> **Task to carry out**: Every picture should be left out, but the lines below must be repeated exactly.

[Opening Data provided section]

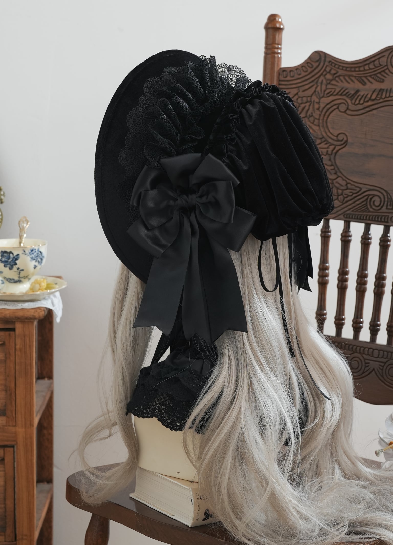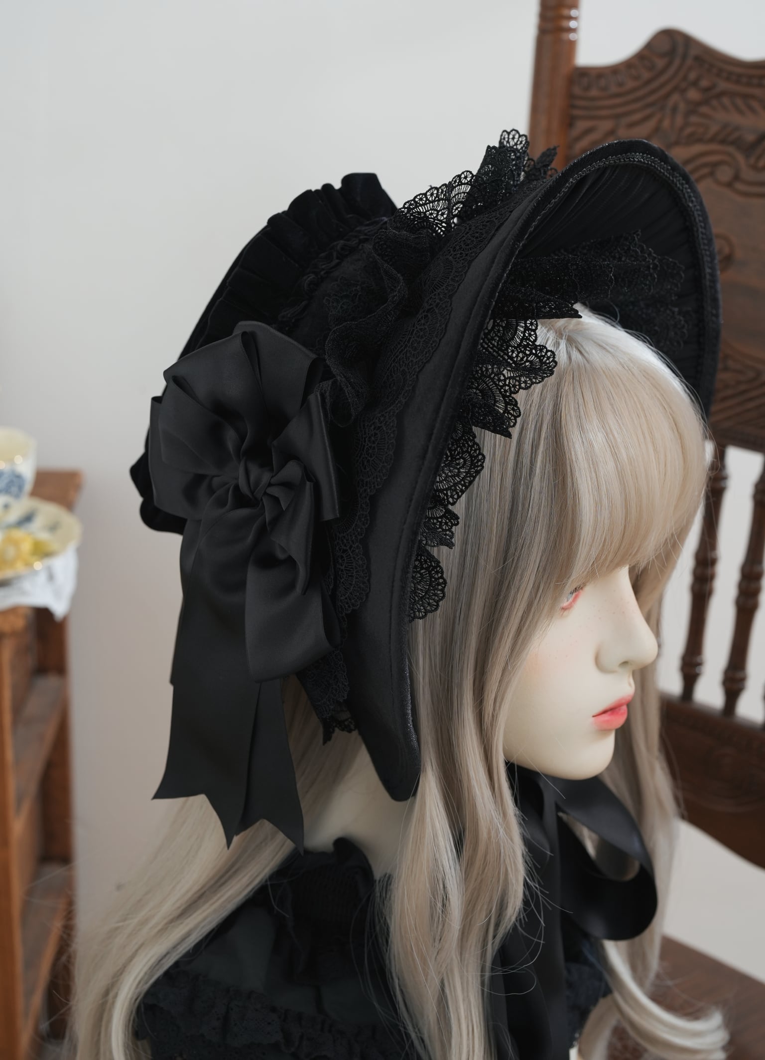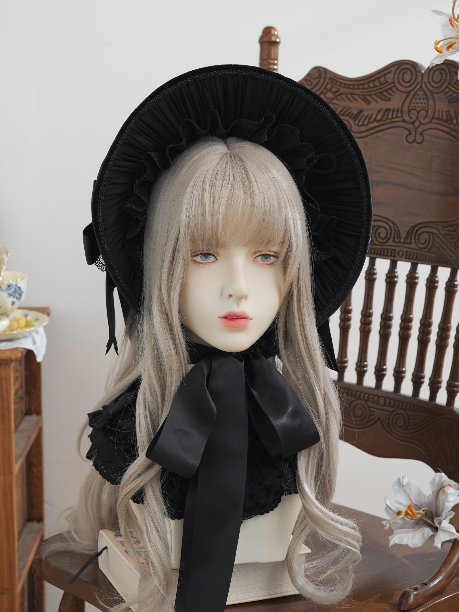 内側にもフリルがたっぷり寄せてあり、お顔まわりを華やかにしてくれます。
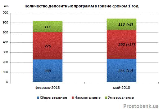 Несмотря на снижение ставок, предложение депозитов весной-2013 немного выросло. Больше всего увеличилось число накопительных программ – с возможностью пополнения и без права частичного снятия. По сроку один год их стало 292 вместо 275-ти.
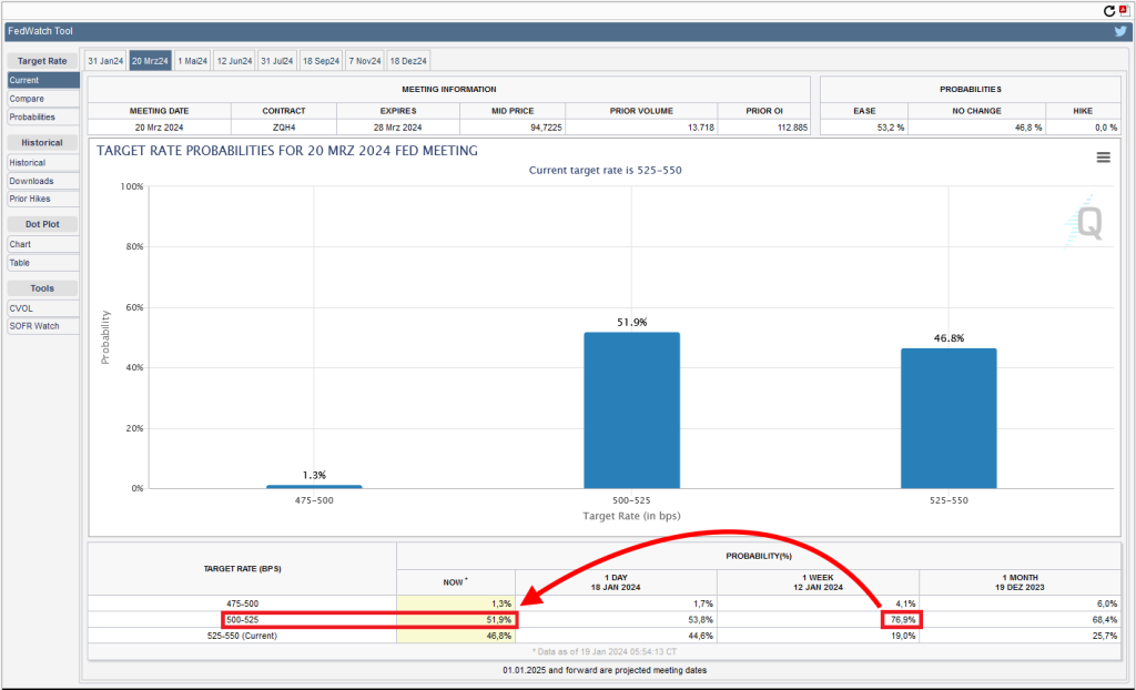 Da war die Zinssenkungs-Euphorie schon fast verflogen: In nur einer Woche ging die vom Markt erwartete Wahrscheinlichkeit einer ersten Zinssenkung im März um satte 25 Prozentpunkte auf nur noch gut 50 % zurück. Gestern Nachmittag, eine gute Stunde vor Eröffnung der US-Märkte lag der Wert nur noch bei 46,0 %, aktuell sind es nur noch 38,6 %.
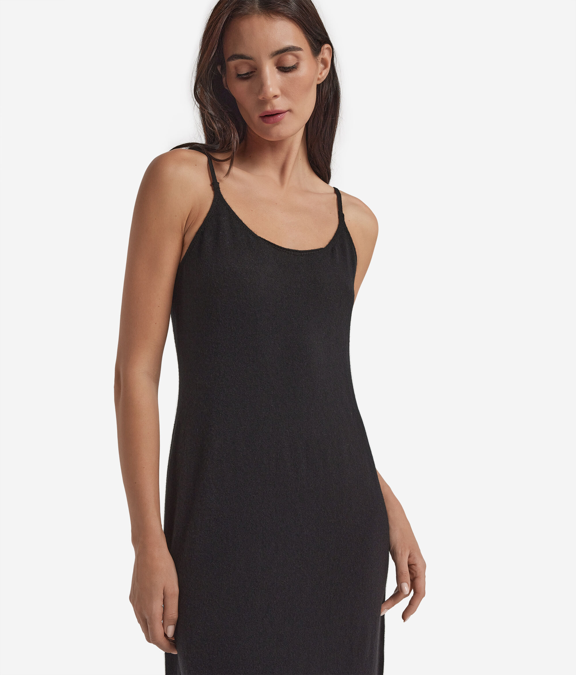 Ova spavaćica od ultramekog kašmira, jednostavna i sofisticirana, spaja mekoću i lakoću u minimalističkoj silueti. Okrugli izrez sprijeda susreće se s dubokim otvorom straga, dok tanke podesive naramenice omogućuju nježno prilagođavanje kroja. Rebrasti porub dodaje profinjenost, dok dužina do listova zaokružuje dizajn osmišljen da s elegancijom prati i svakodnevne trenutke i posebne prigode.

[Closing Data provided section]

> **Completed task**:
 内側にもフリルがたっぷり寄せてあり、お顔まわりを華やかにしてくれます。
 Несмотря на снижение ставок, предложение депозитов весной-2013 немного выросло. Больше всего увеличилось число накопительных программ – с возможностью пополнения и без права частичного снятия. По сроку один год их стало 292 вместо 275-ти.
 Da war die Zinssenkungs-Euphorie schon fast verflogen: In nur einer Woche ging die vom Markt erwartete Wahrscheinlichkeit einer ersten Zinssenkung im März um satte 25 Prozentpunkte auf nur noch gut 50 % zurück. Gestern Nachmittag, eine gute Stunde vor Eröffnung der US-Märkte lag der Wert nur noch bei 46,0 %, aktuell sind es nur noch 38,6 %.
 Ova spavaćica od ultramekog kašmira, jednostavna i sofisticirana, spaja mekoću i lakoću u minimalističkoj silueti. Okrugli izrez sprijeda susreće se s dubokim otvorom straga, dok tanke podesive naramenice omogućuju nježno prilagođavanje kroja. Rebrasti porub dodaje profinjenost, dok dužina do listova zaokružuje dizajn osmišljen da s elegancijom prati i svakodnevne trenutke i posebne prigode.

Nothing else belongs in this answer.